When you've got them all masked up, use your solvent wipes to wipe any dust/grease from the wheel wherever your going to paint - Do not touch the surface after using the wipes or you'll contaminate it with the oil from your skin and you'll need to wipe it down again. Then your ready to etch primer the wheels. This is required for bare metal, as it eats into the metal and gives the primer a good key. You can get a big tin of it from halfords for around £8. A very thin layer of etch primer is all thats needed and it'll be dry and ready to be over sprayed in 45-60 mins. Obviously, spray in a well ventilated area and if you like, wear a filtered mask too.
Once thats touch dry, you can spray your first coat of primer. Most spray paints work best at room temperature, so if its cold, get a heater on or at least keep the spray cans in the house before use. Spray the primer from approx 6" away, as this prevents bits of paint drying before they hit the wheel which gives you a rough finish and make sure you get the whole wheel evenly covered. Primer coats can be sprayed 15 minutes apart (check the instructions on your particular paint) and ideally you want to get 2-3 coats of primer down. Allow the primer to become touch dry (around 2-3 hours depending on temperature) and then you need to spray a quick guide coat over it. The guide coat allows you to ensure you have rubbed down the whole wheel for the next stage and is worth doing, because if you fail to key some areas of primer before the paint goes on, its easy for the paint to chip off at a later stage - I learnt this the hard way. The guide coat is just a very quick mist layer of black paint over the primer - you could use other colours too as long as it shows up easily against the primer. Allow to dry overnight.
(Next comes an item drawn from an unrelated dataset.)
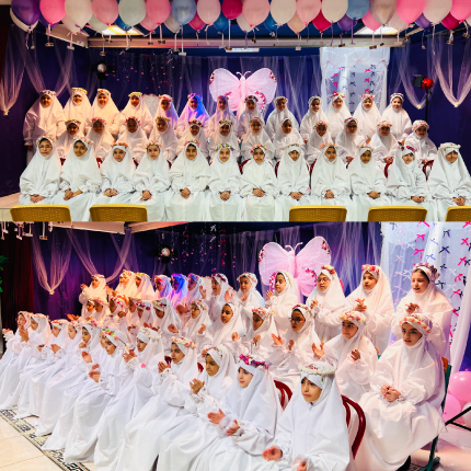 جشن عبادتِ دختران نازنینمان، لحظه‌ای بود پر از آرامش، ایمان و شکوفه‌های مهربانی…

Next you need to rub down the primer before paint is applied. For this I used green scotchbrite pads off ebay, as they are a good grade for keying between coats. You can also wet sand the primer smooth, but this is harsher and easy to rub through the primer. Ensure you remove all the guide coat, that way you know you've keyed all the areas of primer before the paint is sprayed. When rubbed down, use solvent wipes again to remove any dust and grease left behind.
Here's my primered wheels after the guide coat had been rubbed back:
6. Paint & Lacquer - Now your ready to spray the wheels your chosen colour. Ensure the wheels are laid flat and level to prevent paint runs. Again, spray at room temp if you can or at least with the cans at room temp and apply the paint from approx 6" away for good coverage. The coats of paint can be applied 15 minutes apart and you want to try and get 3-4 coats on there. Once your happy with the coverage and coats you've got, leave the paint to flash off for 30-45 mins in a ventilated area.
Come back and inspect the wheels - Do not be tempted to touch the paint, you'll leave a finger print in the paint and will contaminate it with the oil from your skin. Check over the wheel looking for any runs, dust or reactions in the paint. If you do find you've got runs or dust has settled in the paint which your not happy with, you need to allow the paint to dry overnight then rub down the paint as you did with the primer to remove the imperfections and key the paint again. Then spray another coat of colour, again until your happy with the coverage and finish and allow to flash off again.
If your paint flashed off ok and stayed free of dust etc, your ready to spray the lacquer. The lacquer protects the paint and gives you a tough glossy finish. I personally find lacquer hardest to spray as it is very thin and obviously clear, so its easy to apply too much to one area and get runs. Keep the wheels flat to help prevent runs and spray the lacquer in short quick motions at a constant speed. Try not to spray the lacquer in a side to side motion, as when you slow your movement down whilst changing direction you'll spray too much in one area and risk it running. Again spray coats 15 minutes apart and try and get 3 coats on there. When you've got 3 coats on and your happy with the coverage and finish, leave the wheels to dry overnight at least before touching them again. It can take a week or 2 for the lacquer to harden fully, so you need to give it this time before attempting to polish the paint for example. You can tell when its fully dried when it no longer smells like paint - This is when all the solvents have dried off fully.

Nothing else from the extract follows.